In a piece cross-posted from her personal blog, Tamsin Stirling reflects on a seminar focussing on housing and homelessness for young people.

On Wednesday 31 January 2018, I attended a seminar put on by Shelter Cymru and Bron Afon. It was called Locked Out and focused on young people, their housing aspirations and options. Very kindly, the organisers had asked me to speak about my Making Youth Homelessness Everybody’s Business travel fellowship and share some of my observations from spending time in California and Canada. Here is my presentation From across the pond

Jointly chaired by John Puzey and Ian Simpson, the seminar provided plenty of food for thought.

Lynne Neagle AM talked about her work as Chair of the National Assembly Children, Young People and Education Committee, in particular their inquiry into the emotional and mental health of children and young people. Her commitment to improving cross-sector working so that children and young people across Wales can get access to the support that they need was very clear.

Sam Austin from Llamau and Samantha Howells from Charter Housing spoke about their work supporting young people to talk to their peers about their housing aspirations and what they wanted from a home. The headline message was that young people want ‘a place to call my own’. Hardly surprising. The four key themes identified from focus groups of young people and a facebook survey were safety, support, education and choice. So it’s not just bricks and mortar that make a home, but all kinds of relationships. Again, not that surprising, but a good challenge to how much we, in the housing profession, tend to focus on the bricks and mortar.

Workshops at the seminar looked at the experience of Newydd Housing and their Rooms4U partnership, Bron Afon’s approach to working with young people to identify housing and support options that work for them, Shelter Cymru’s work in school including their Housemate pack and also feature a positive discussion with a DWP representative about how young people can best be supported.

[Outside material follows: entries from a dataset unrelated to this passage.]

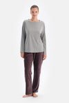 Gri Melanj Kadın Bisiklet Yaka Pijama Üstü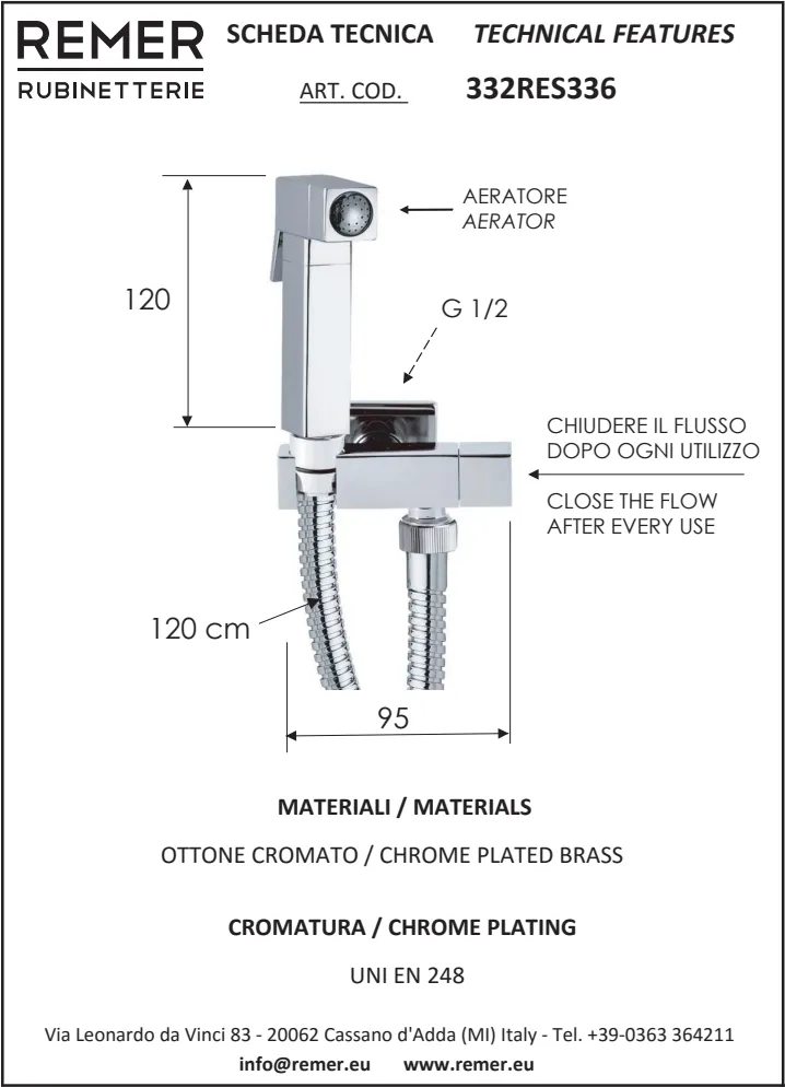 Гигиенический душ Remer с краном хром (CR) 332RES336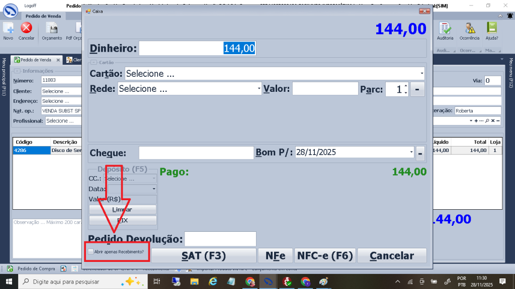 obs. nesta tela não tem a opção de recebimento com deposito bancário, caso queira precisa clicar em abrir apenas recebimento?.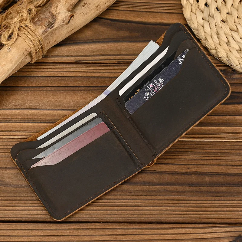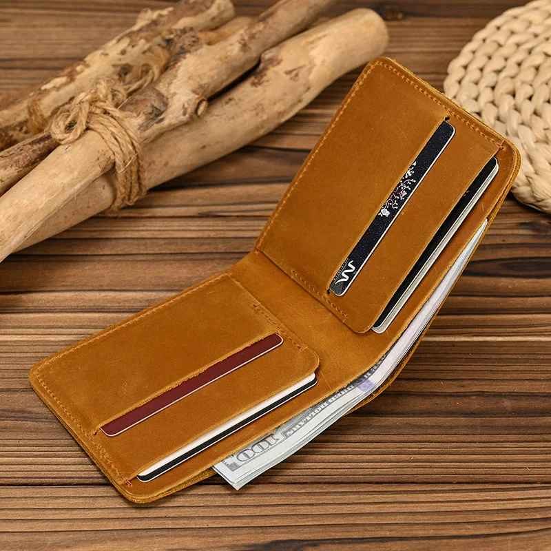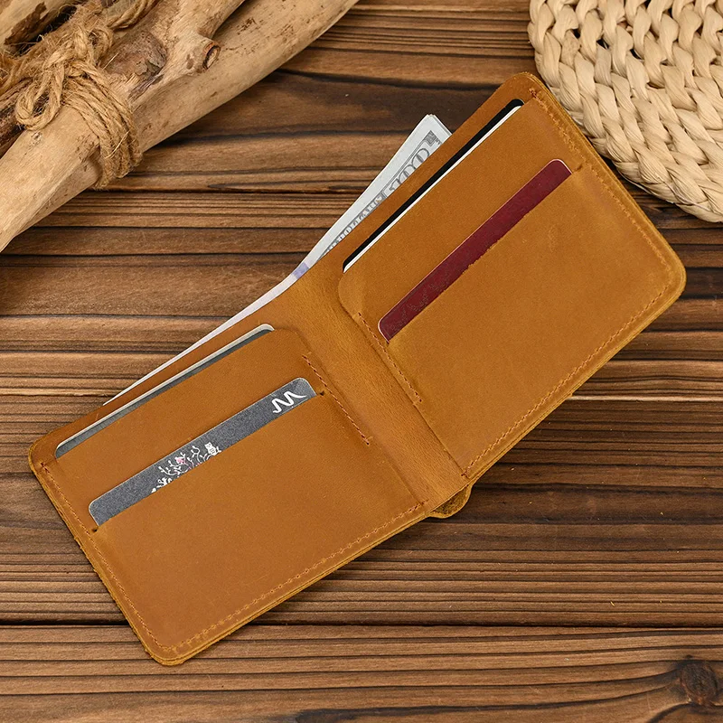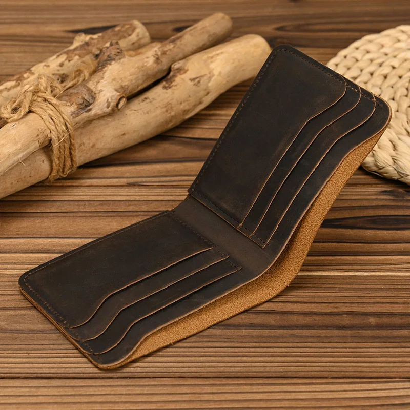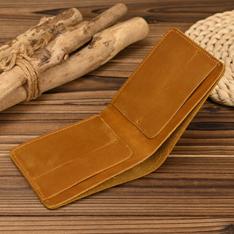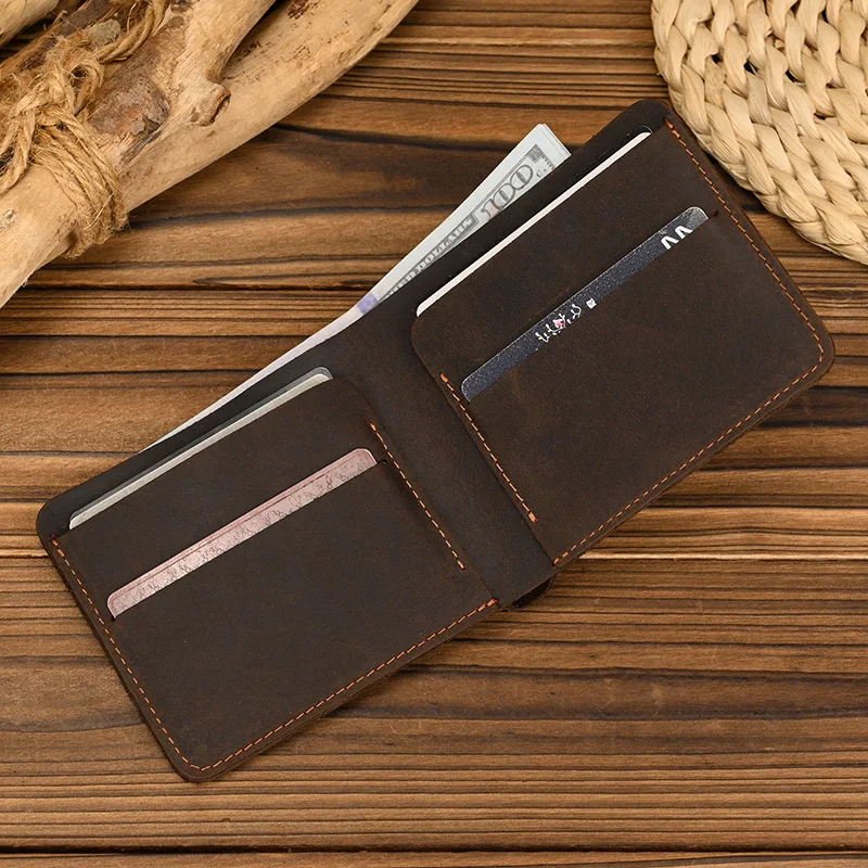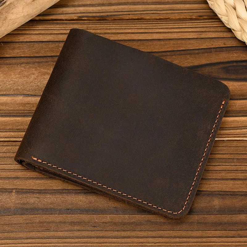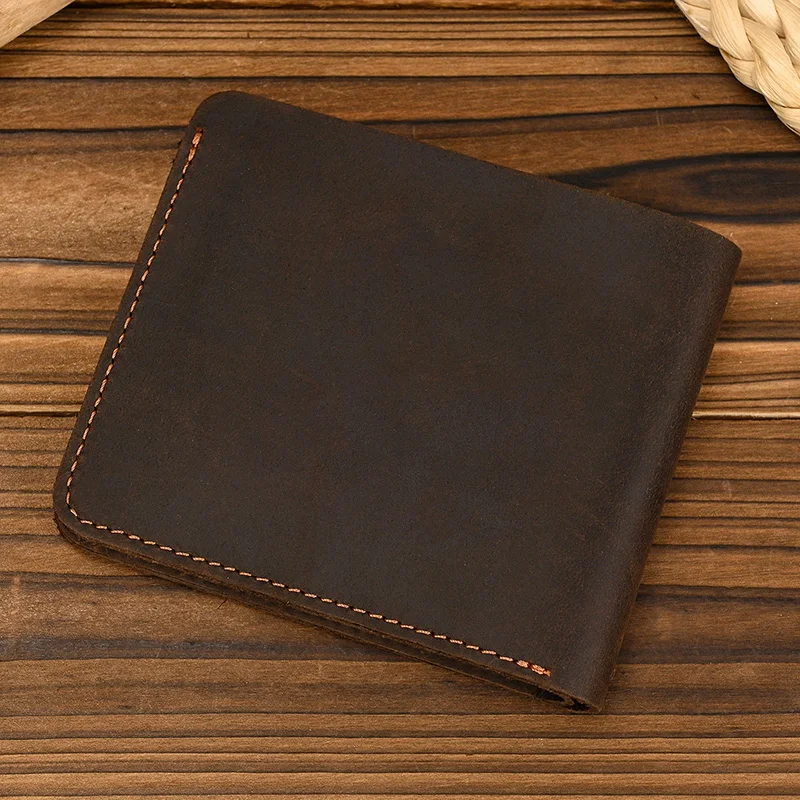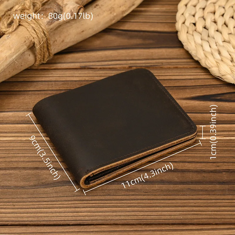 Handmade Vintage Crazy horse Leather Wallet Men Genuine Leather Short Wallet Slim Coin Purse Male Money Clips Money bag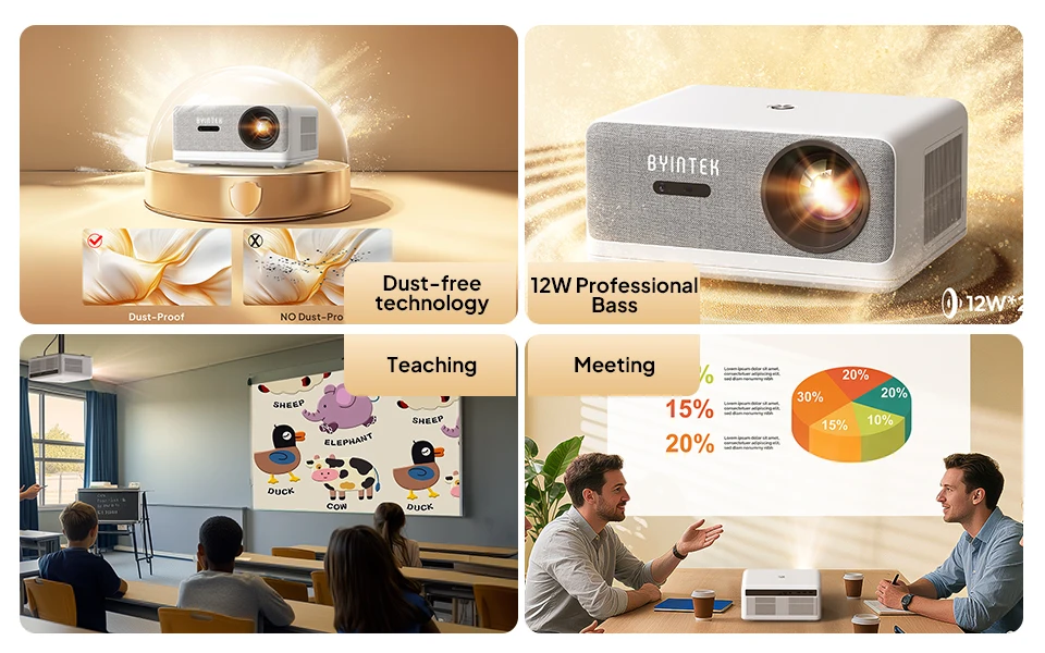 - > BYINTEK LOVE U14 Full HD 1080P Projetor 4K Inteligente Bluetooth WiFi 6 Suportado 1250ANSI Foco Automático Projetores de Cinema Home Theater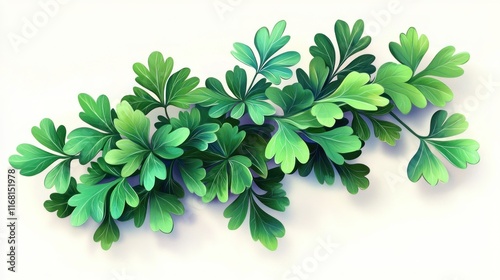 Lush Green Foliage Arranged Artistically on White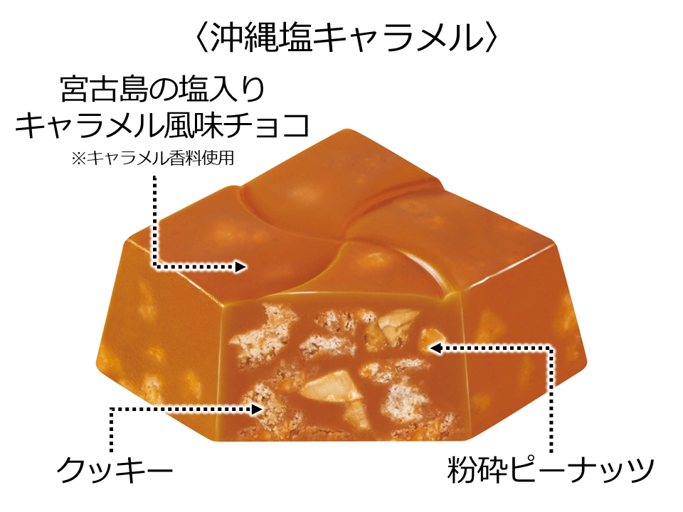 香ばしいローストピーナッツやザクザク食感のクッキーがキャラメル風味チョコと相性抜群。ミルキーなキャラメルの味わいに、宮古島の塩がアクセントになっています。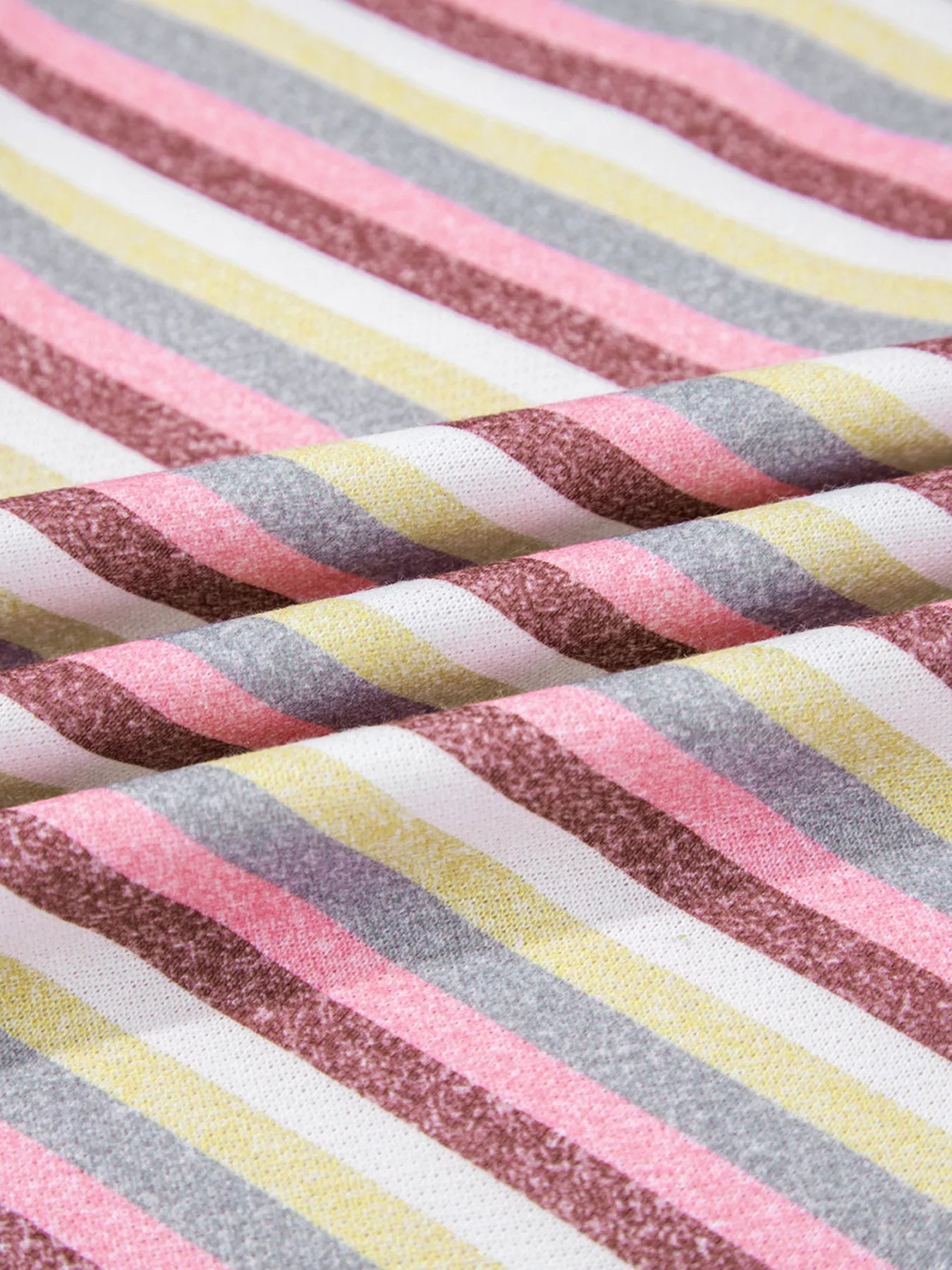 Exposed Seam Color Block Striped Patchwork Loose Henley Sweatshirt

A very worrying finding from the young people’s focus groups was that some young people saw sleeping on the street as a realistic housing option for them. This should not be part of our reality in Wales in 2018. However, I came away from the seminar feeling positive; there is a lot of energy, focus and commitment around getting housing and support for young people right despite a very challenging context when it comes to the welfare system, wage levels and supply of homes, just to mention a few issues.

The biggest thing I took away from the event, and which really resonates with so much that I heard in California and Canada is the need to respect young people as the experts in their own lives. We need to do this consistently and as part of this, involve them in decision making and shaping things that affect them – true co-production at a national level, as well as the good work that already goes on at a local level in many places in Wales.

How about supporting the development of a group of young people with lived experience of homelessness from across Wales? Independently facilitated and supported, to co-produce priorities for the £10million new monies that have recently been announced for youth homelessness and have a direct role in the decisions about where the money will be invested and in what services/initiatives? There is just such a group in place in America from which we could learn.

The National Youth Forum on Homelessness in America is supported by the National Alliance to End Homelessness and the True Colours Fund. The Forum aims to ‘create youth-led change in the national response to end youth homelessness’ and has already ‘profoundly shaped’ the Youth Homelessness Demonstration Programme.

Young people have said they want a place to call their own – let’s really make that happen.